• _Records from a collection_
- - -

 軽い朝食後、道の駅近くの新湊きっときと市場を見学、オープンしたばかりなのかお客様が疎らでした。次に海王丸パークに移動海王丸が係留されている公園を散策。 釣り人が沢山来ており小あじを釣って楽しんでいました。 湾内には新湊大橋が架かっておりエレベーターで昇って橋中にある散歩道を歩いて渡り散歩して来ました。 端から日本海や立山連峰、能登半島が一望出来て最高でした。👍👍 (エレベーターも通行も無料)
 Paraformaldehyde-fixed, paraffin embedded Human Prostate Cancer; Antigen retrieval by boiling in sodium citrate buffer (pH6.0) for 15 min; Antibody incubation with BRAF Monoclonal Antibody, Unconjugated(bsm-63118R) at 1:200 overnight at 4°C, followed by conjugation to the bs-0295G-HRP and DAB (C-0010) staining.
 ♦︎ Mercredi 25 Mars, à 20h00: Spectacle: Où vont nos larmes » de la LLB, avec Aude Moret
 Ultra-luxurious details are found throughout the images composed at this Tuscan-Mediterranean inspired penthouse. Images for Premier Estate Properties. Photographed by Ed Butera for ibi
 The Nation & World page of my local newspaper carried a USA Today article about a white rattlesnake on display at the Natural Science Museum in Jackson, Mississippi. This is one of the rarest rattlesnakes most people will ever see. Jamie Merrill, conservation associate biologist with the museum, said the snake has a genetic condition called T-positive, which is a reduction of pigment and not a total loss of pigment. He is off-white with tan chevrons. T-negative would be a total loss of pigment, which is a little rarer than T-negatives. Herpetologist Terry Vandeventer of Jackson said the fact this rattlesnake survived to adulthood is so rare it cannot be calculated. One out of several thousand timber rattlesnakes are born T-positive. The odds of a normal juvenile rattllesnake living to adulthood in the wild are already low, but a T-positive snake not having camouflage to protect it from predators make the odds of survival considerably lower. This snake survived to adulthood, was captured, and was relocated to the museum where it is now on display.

- - -

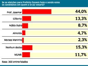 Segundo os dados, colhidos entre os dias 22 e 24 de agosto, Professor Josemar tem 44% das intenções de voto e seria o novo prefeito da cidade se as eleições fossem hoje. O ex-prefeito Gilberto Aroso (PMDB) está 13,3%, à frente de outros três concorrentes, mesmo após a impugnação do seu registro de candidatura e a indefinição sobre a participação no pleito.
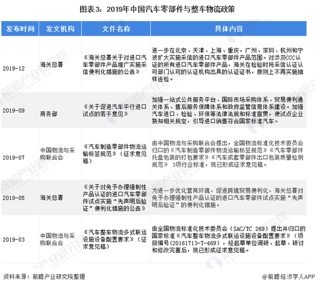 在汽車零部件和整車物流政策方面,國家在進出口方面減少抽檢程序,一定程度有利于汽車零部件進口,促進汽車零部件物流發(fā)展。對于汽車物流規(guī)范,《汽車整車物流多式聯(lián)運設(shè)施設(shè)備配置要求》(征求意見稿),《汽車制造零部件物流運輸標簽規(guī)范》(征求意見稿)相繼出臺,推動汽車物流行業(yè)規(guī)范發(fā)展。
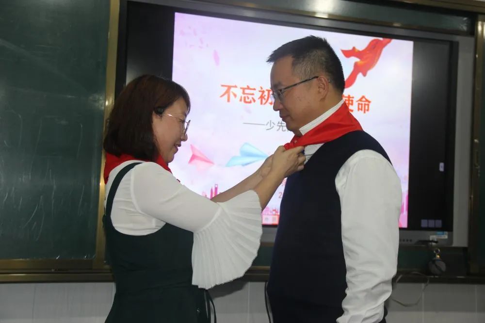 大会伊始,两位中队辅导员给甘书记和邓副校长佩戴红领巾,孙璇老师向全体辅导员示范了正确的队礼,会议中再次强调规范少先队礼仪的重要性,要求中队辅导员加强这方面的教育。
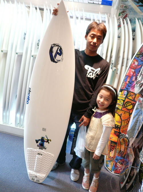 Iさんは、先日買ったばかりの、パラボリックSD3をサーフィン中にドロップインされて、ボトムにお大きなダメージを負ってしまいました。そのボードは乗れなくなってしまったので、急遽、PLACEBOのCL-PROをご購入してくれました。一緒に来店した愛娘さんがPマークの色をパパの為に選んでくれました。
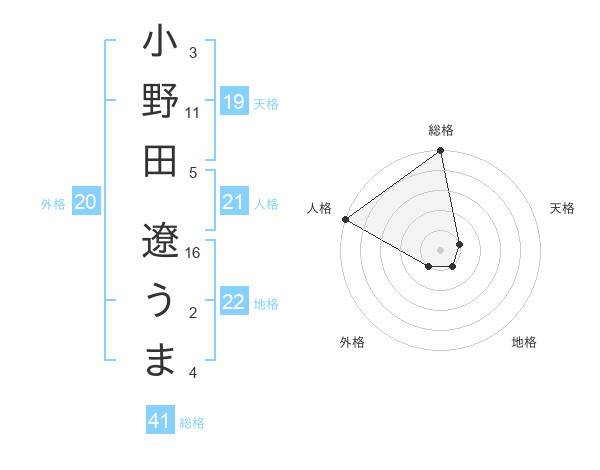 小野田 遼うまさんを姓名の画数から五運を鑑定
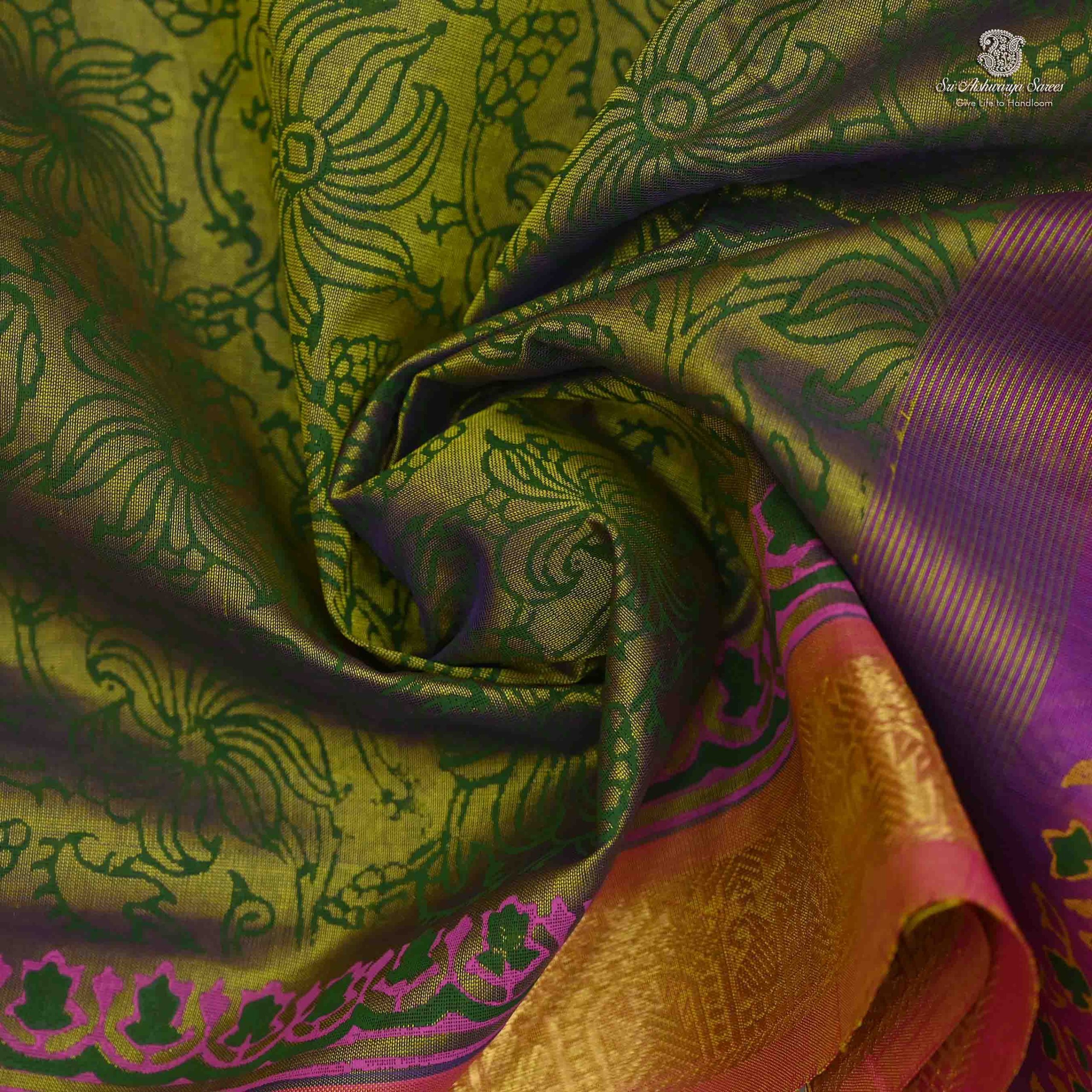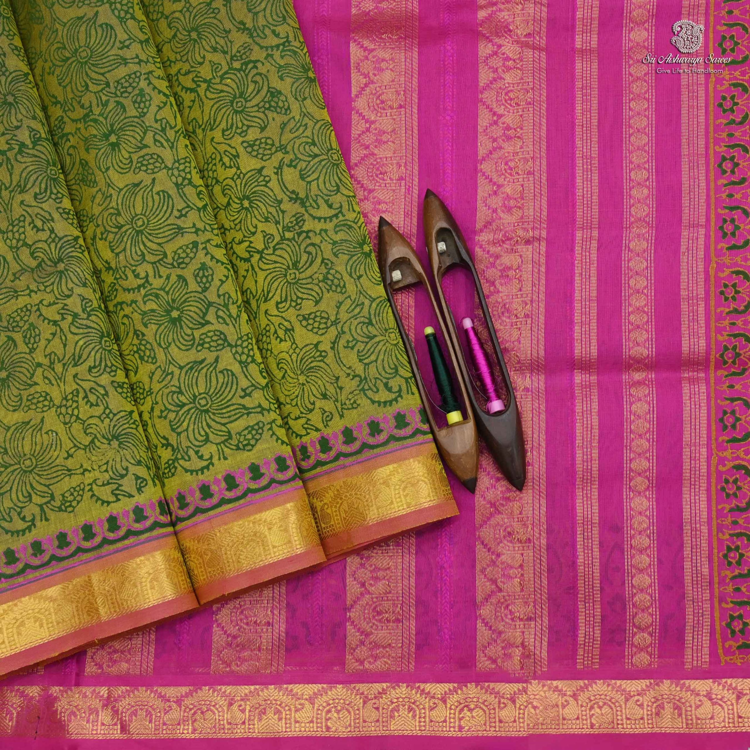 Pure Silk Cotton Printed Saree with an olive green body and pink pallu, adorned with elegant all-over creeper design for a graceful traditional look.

- - -

Within the entries above, the lines from the one containing "小野田 遼うまさんを姓名の画数から五運を鑑定" through the one containing "Pure Silk Cotton" are to be transcribed exactly, ends included, pictures excluded.

 小野田 遼うまさんを姓名の画数から五運を鑑定
 Pure Silk Cotton Printed Saree with an olive green body and pink pallu, adorned with elegant all-over creeper design for a graceful traditional look.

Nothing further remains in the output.